We do marriage better

Same-sex couples tend to go along, get along

Thursday, April 10, 2008
JULIE SULLIVAN
The Oregonian Staff

Watching Silda Wall Spitzer and Sen. Debbie Stabenow of Michigan try to reconcile their idea of "room service" with their husbands', you might wonder whether same-sex couples are better off. More understanding of each other's needs and nature. Less conflicted about the whole monogamy means monogamy means monogamy concept. Happier, even.

Isn't the problem between men and women -- forgive me, dear -- men and women? Well, yes and yes. Same-sex couples are more honest about monogamy and sex, researchers say. They're also more mature, considerate and fairer to each other than heterosexual couples. They're funnier and more affectionate when they argue. Less controlling. They don't take everything so personally.

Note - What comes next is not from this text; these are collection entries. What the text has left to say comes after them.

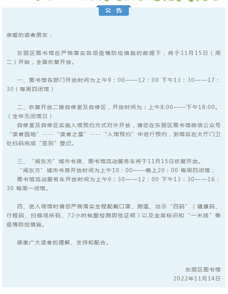 东丽区图书馆恢复开馆公告
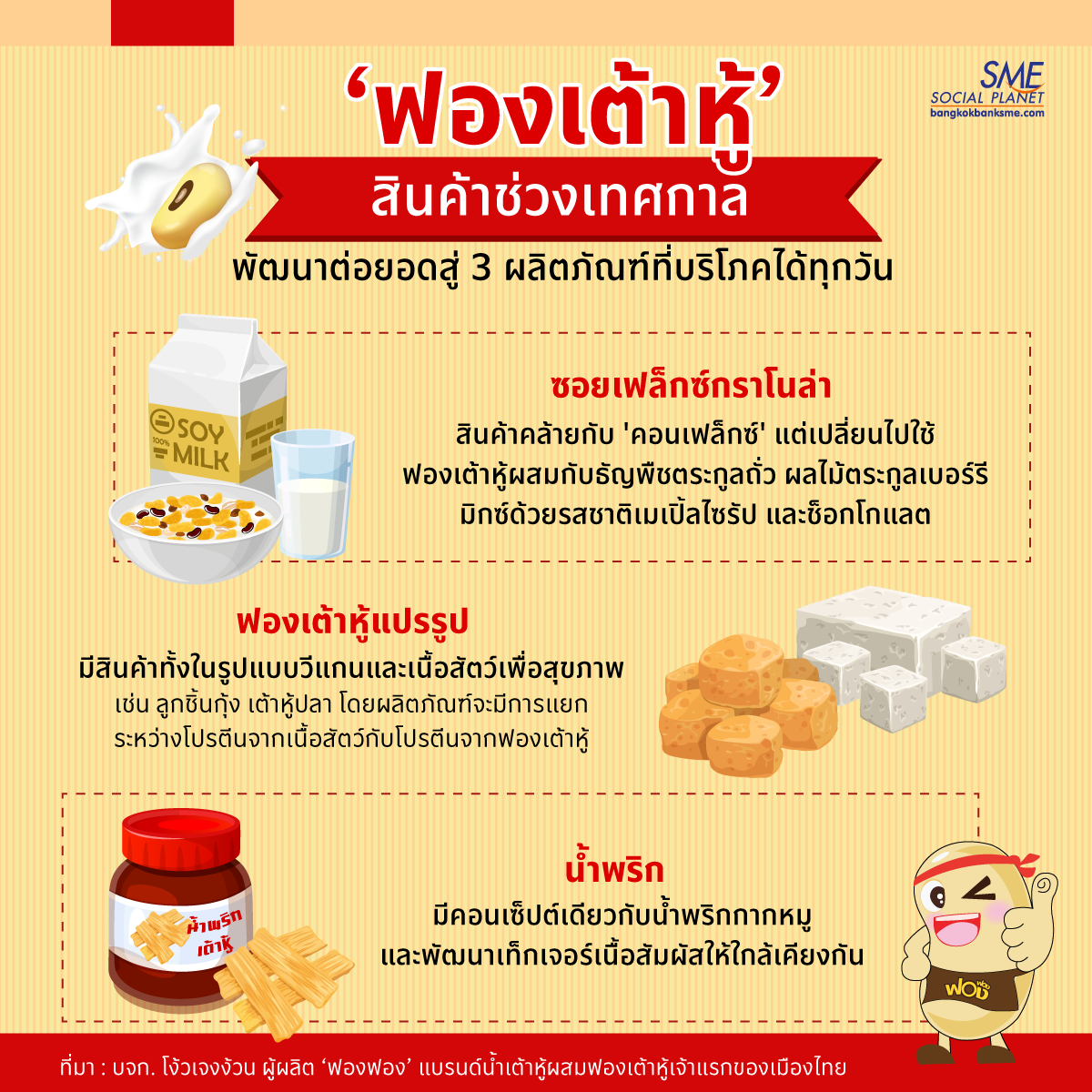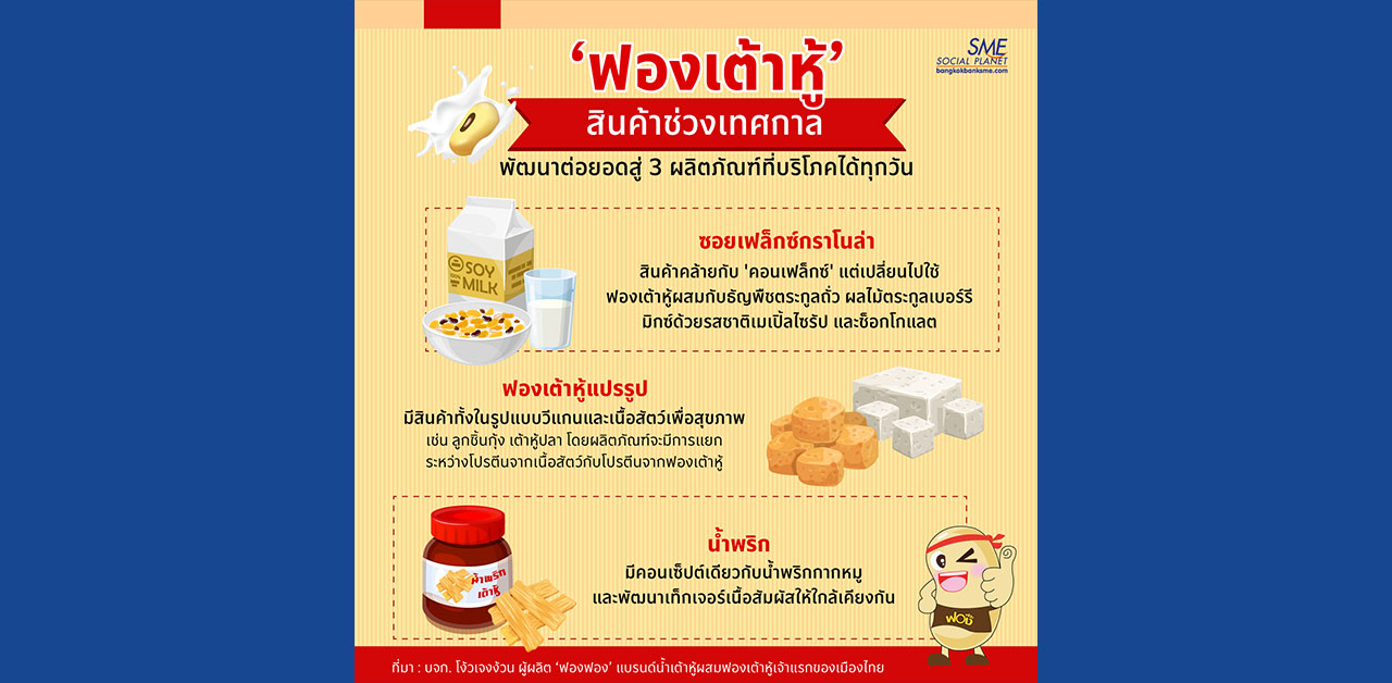 รายละเอียดเพิ่มเติม : https://www.bangkokbanksme.com/en/fong-fong-tofu-health-loving-trend
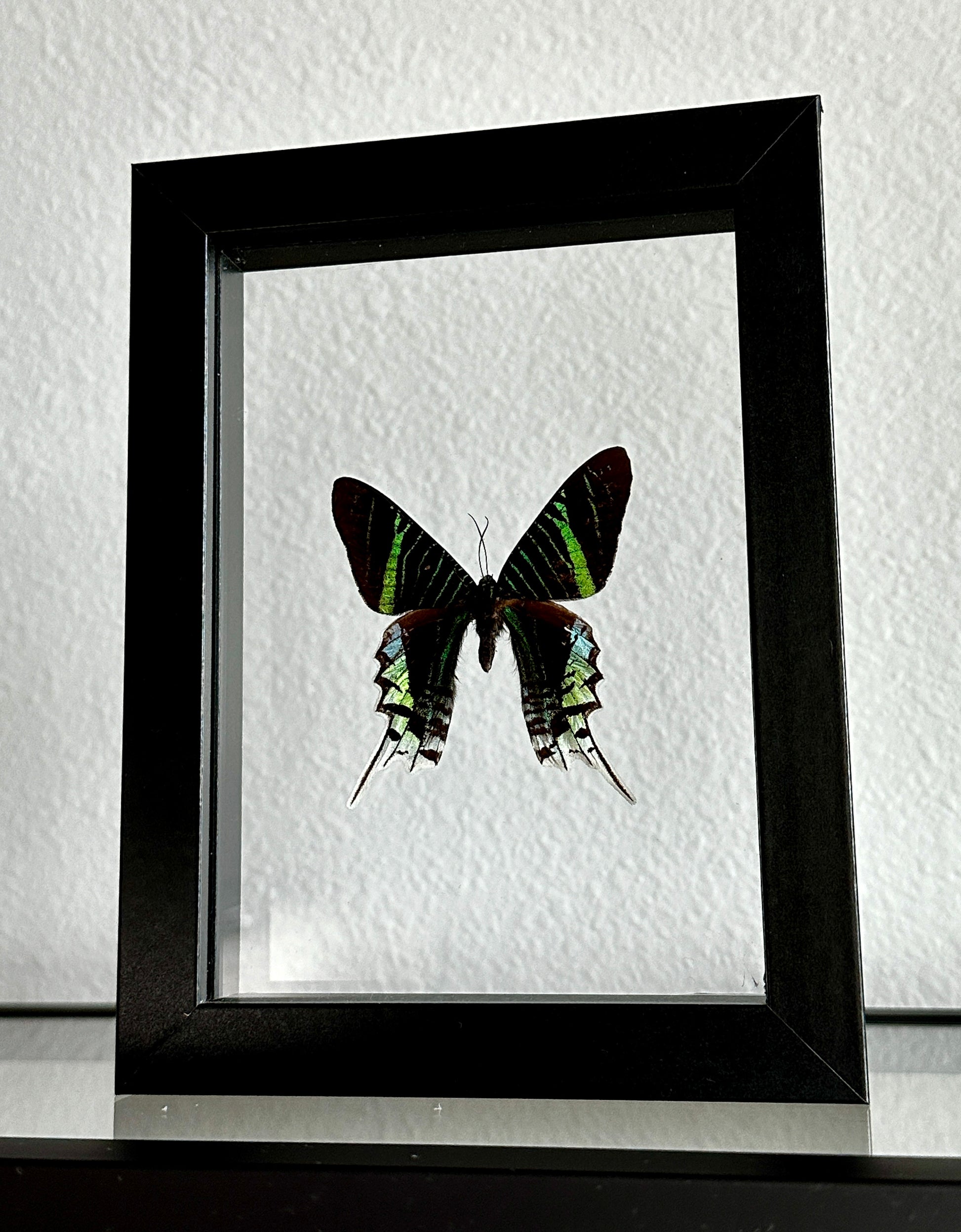This stunning Green-Banded Urania moth has been hand-pinned and mounted in a 5" x 7" floating glass frame. Native to South America, this specimen was ethically sourced from a conservatory located in the region.

The findings come from the same famed laboratory that studies thousands of heterosexual couples -- the Gottman researchers in Seattle -- as well as large university studies. After videotaping gay and lesbian couples' discussions, arguments and daily interaction, John Gottman concluded that straight relationships might one day be so healthy -- "in 200 years."

More. . . .

Well there it is in black and white. None of your shonky James Dobson ersatz-Christian pseudo-science - real hard data from proper studies. When we finally get round to doing the couple thing, we do it better than anybody.

But I'm not so sure about 'not taking things so personally'. Maybe we don't at home, but at work I've found it really hard to have dispassionate and analytical discussions over business decisions with gay colleagues - they seem to take every disagreement, every suggestion of an alternative, every different viewpoint as a personal attack. Maybe I shouldn't work in gay businesses.

On the other hand, I don't mind them taking it personally, either - I love a rattling good robust argument, it clears the air and makes adjusting to and incorporating different viewpoints a lot easier than all that anodyne, bloodless, conflict-resolution pseudo-niceness.

I'll take a colleague who tells it like it is over one who makes soothing noises to my face and stabs me in the back any day.